___ DATA BLOCK

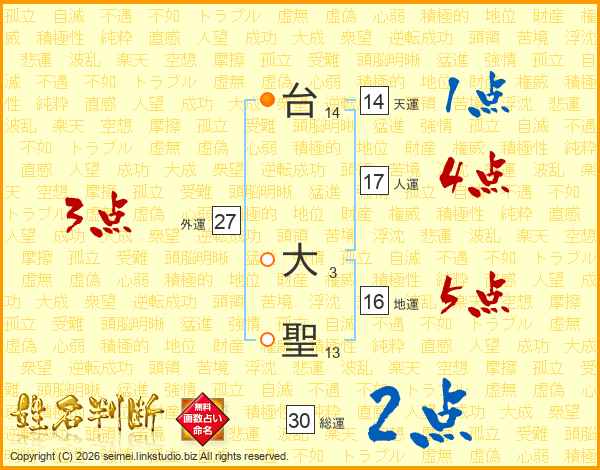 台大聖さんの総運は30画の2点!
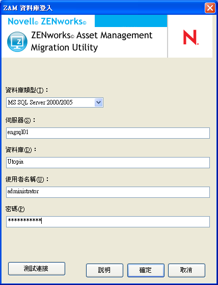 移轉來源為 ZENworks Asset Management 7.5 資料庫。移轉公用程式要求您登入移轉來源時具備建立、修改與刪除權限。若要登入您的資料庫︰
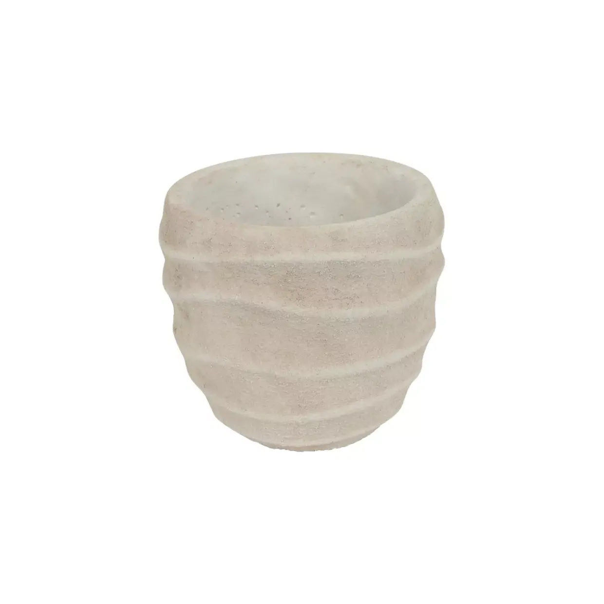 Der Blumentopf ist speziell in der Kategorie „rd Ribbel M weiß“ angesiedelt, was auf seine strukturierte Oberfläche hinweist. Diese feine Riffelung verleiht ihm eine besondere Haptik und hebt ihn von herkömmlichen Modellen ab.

______

- REQUIRED ACTION:
All of the data should come back exactly as written, but without pictures.

- EXPECTED OUTPUT:
 台大聖さんの総運は30画の2点!
 移轉來源為 ZENworks Asset Management 7.5 資料庫。移轉公用程式要求您登入移轉來源時具備建立、修改與刪除權限。若要登入您的資料庫︰
 Der Blumentopf ist speziell in der Kategorie „rd Ribbel M weiß“ angesiedelt, was auf seine strukturierte Oberfläche hinweist. Diese feine Riffelung verleiht ihm eine besondere Haptik und hebt ihn von herkömmlichen Modellen ab.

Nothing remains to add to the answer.